Just a suggestion anyway o/


----------



## Costello (May 25, 2019)

Scarlet said:


> Why not just kick the bounty off now and have it end at a tentative *Autumn date? I can completely understand the circumstances of you wanting to postpone it, but doing it this way would mean that if people have actually been working on a game since it was announced, the community could benefit from it now, while they are still able to enter and have a chance at winning something.
> 
> Just a suggestion anyway o/


What you said makes sense, but we have sponsors and the deals we made with them are for a given period of time.
We can neither give them free extra exposure time, nor ask them to pay more.

Besides, the bounty thread clearly states that developers don't have to wait until the "month" officially starts to begin working on their project. This is also why the "game month" is the last of them - because developing a game takes so much time so I imagine people have been working on their projects for ages.

Homebrew game developers that wish to enter the Bounty can either release a preview of their game right now, and provide a major update later when the competition officially starts (yay, homebrew DLCs lol).
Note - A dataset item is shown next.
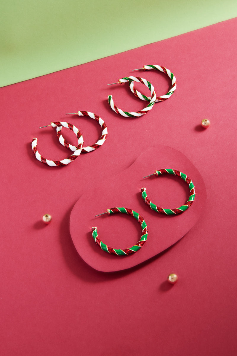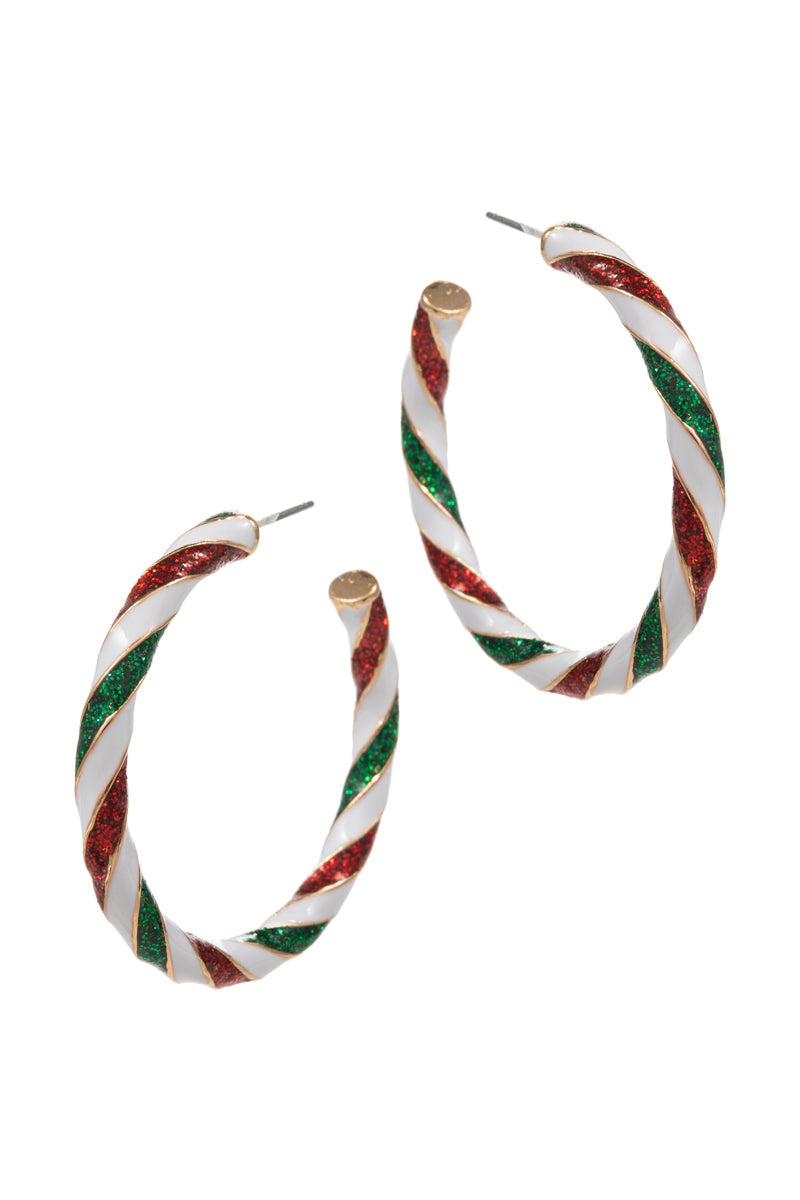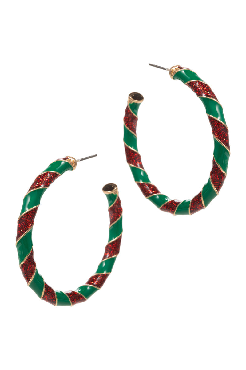 Upgrade your holiday style with our 1.5-inch twisted round shaped Christmas colored enamel hoop earrings. Made with high-quality materials, these earrings are both festive and fashionable. Bring some cheer to your wardrobe with these statement earrings.

Or they can wait until the competition starts before exposing their project, and use the inbetween time to polish it up.


----------



## CompSciOrBust (Dec 17, 2019)

Any update on this?


----------



## Costello (Dec 28, 2019)

CompSciOrBust said:


> Any update on this?


we are still under the water financially due to being blacklisted by google ads and whatnot.
but we will eventually finish this  saving up at the moment!


----------